In my talks with college students, I have seen that young people are really hungry for open-ended thinking. They are sick of being told what it is. Or that: We are ‘like that only’. They are really sick of it. This is my conviction. I would love to hear if you agree or disagree on this.
Gulan Kripalani. On a connected note, how do you distinguish between the idea of desh and rashtra? If you could just elaborate, it would make it clearer as to how we stand in our values of being interconnected.

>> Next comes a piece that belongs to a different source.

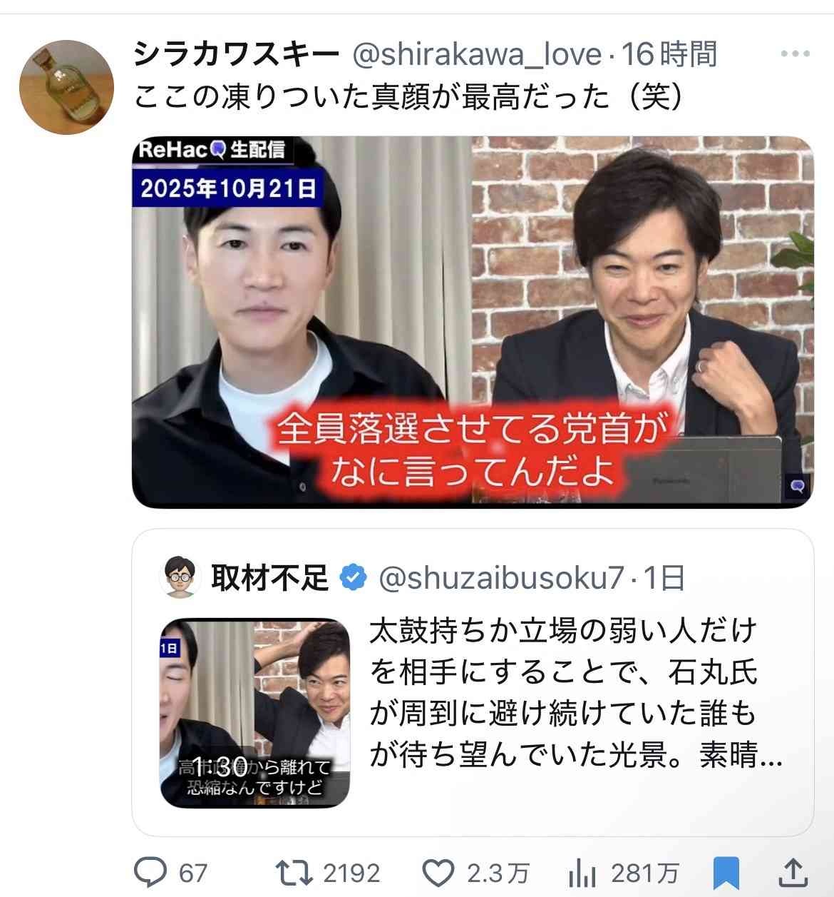 なんかもうどっちも小物感がすごいんやけどこんなんで政治語られても困るやろ
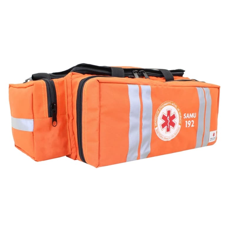 A bolsa de atendimento pré-hospitalar possui logotipo do Samu e foi desenvolvida para auxiliar e facilitar o trabalho dos socorristas. É impermeável e resistente, podendo ser utilizada em diversos procedimentos de resgate e salvamento. Possui diversos bolsos e compartimentos para guardar os instrumentos necessários nos atendimentos.

Rajni Bakshi. Maybe I should share that I come from a family that was affected by Partition along the Punjab side. We are Punjabis. I was lucky that I had clever and insightful ancestors— they left before the worst of the violence began. But in all the memory that I picked up from within the family, the one thing that came through was that they never imagined that they were leaving for ever. It was unthinkable. Why? Because even though Muslims and Hindus were two different groups—it was unthinkable for one to marry into the other—they were not ‘others’ in the way we experience ‘otherness’ today. No marriage in either Hindu or Muslim family was complete without members, neighbours and family friends from the other community playing a crucial role—a ritual role. These are the memories that we were given.
So one clear way that I can distinguish desh from rashtra is that I and the Punjabi Pakistani are supposed to be two different rashtras. If I sit with them and talk about Al Qaida or terrorism, then I will also be coming from a position of: What is the threat to my borders? What are you doing to me in Bombay or any of the other places in India that have been attacked by terrorists? At the same time, we can interact as human beings—we have a commonness of desh which is really astounding.
All the Pakistanis I meet are also born after Independence and Partition. With Punjabi Pakistanis, we have the same jokes, the same poetry/shayaris. Those links are continuous, and I think maybe that is our sense of desh, which is a cultural affinity. It has to do with so many things—the flavour and texture of food, festive rhythms, the language, its cadence. I have met Pakistanis who hear my Punjabi and are able to tell where my ancestors came from because there are so many nuances from Punjabi. To me that is desh.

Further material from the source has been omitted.